Robert T. Hasty, DO, FACOI, FACP

Is It Time for a Match to Get Into Medical School?

by Robert T. Hasty, DO, FACOI, FACP
ACOI President

July 8, 2024

The residency matching system began in 1952. Before that, there were years of challenges regarding graduating physicians and residency programs finding equitable placements. Prior to a residency match, medical students were challenged to decide whether to contract with programs without the insight of offers from other programs, making future offers and discontent from both hospitals and students about the process. With modifications over the years, the residency matches have endured the test of time for over 70 years. Nearly every physician practicing in the United States underwent a matching system (or subsequent scramble).  

I have talked with admissions/enrollment experts at medical schools, other medical school deans, and prospective medical students about the medical school admissions process, and I hear growing frustration with the process from nearly everyone. I would like to know if the time has come for a match to matriculate into medical school.  

I am going into my 20th year of full-time medical education. Much has changed in medical education, but more has stayed the same in terms of the process of admitting students into medical school. Prospective medical students apply through the AACOMAS (for DO schools) or AMCAS (for MD schools). Medical schools receive the application, review the application, interview selected applicants, and choose the interviewees for placement into medical school. An offer of acceptance is extended to the selected applicants, and the applicant has a time designated by the school to accept or deny the offer and enroll (usually involving a deposit).  

One trend that has increased over the recent years is an increase in the “melt,” where an accepted applicant enrolls in a medical school but then accepts another offer-- typically at a medical school that is more desirable to the candidate (e.g., closer to home, lower tuition, etc.) and the medical school enrollment for the position “melts” away (rescinds the acceptance of the offer) from the initially enrolled school. Part of the challenge is that prospective medical students don’t always tell the schools they are melting and have accepted another offer. Oftentimes, it isn’t until late spring when medical schools get a list of their “dual-enrolled” prospective students, and they learn that the class they have filled isn’t actually filled. Schools then reach out to the dual-enrolled prospective students to see if they will keep their positions or need to backfill the position from their waitlists (or interview additional applicants). I have heard of cases where prospective students have had up to six signed enrollment agreements (and deposits) at medical schools, causing five open positions across the county from the one prospective medical student. The additional challenge created by this is that many of the students who are taken from the waitlists of schools to fill these positions often create voids at other medical schools. This creates a scramble at medical schools across the country to fill their open positions or potentially lose a paid seat, resulting in losing four years of tuition and creating budgetary challenges for the entire medical school.  

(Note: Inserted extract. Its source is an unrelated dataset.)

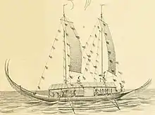 This vessel is shaped like a kora kora, but with different outrigger boom placement. Like kora kora, it also has deckhouse at the center of the hull. It has two main booms which slope down to the float (katir in Malay language) and each has an accessory boom.[1] A boom-spar is located above the vessel, one end of which rests on the roof.[2] The float (katir) is double on each side. It has two masts, each rigged with narrow, very high sails from bamboo and palm leaf.[3][4]

A match to get into medical school might improve upon our current system with the following considerations:

  • It would create a more equitable marketplace. Prospective students would be able to rank their most desired programs, and medical schools would be able to rank their most desired applicants, leading to greater fairness in the marketplace.  
  • If it is set up like the residency matching process, it would nearly eliminate melt. However, a scramble process (similar to SOAP) would likely be needed.
  • There would likely be fees for both applicants and schools for the process. The current fee schedule for the NRMP Match charges a standard registration fee of $70 per applicant. Without having a vendor prepared to do this, it is unknown how much the fees might be for a medical school match.  
  • Applicants who would typically have been placed on a waitlist and waiting to “melt” could potentially have their desired offer through the match.
  • Most medical schools would lose forfeited deposits they are receiving under the current system (hundreds of thousands of dollars in some cases).  

As a medical student advocate, I see several potential benefits for prospective medical students:

  • It could reduce the stress of medical students deciding whether to enroll (and possibly deposit) in a school before hearing from their most desired medical school. However, a match would create additional needs for education in the process.  
  • There could potentially be less deposits to be forfeited and therefore saving prospective medical students money.  
  • It could potentially eliminate the “waitlist purgatory” and uncertainty for students as to whether they might be accepted.
  • A potentially fairer marketplace for students and their decision-making ability.

There would be several potential challenges in creating a match for medical schools:

  • There would be several stakeholders to convince, including medical school deans.  
  • Ideally, it would be for osteopathic (DO) and allopathic (MD) medical schools. Convincing both communities would be a challenge.
  • An interested vendor(s) would need to be identified.  

Overall, the idea of a match to get into medical school deserves more consideration.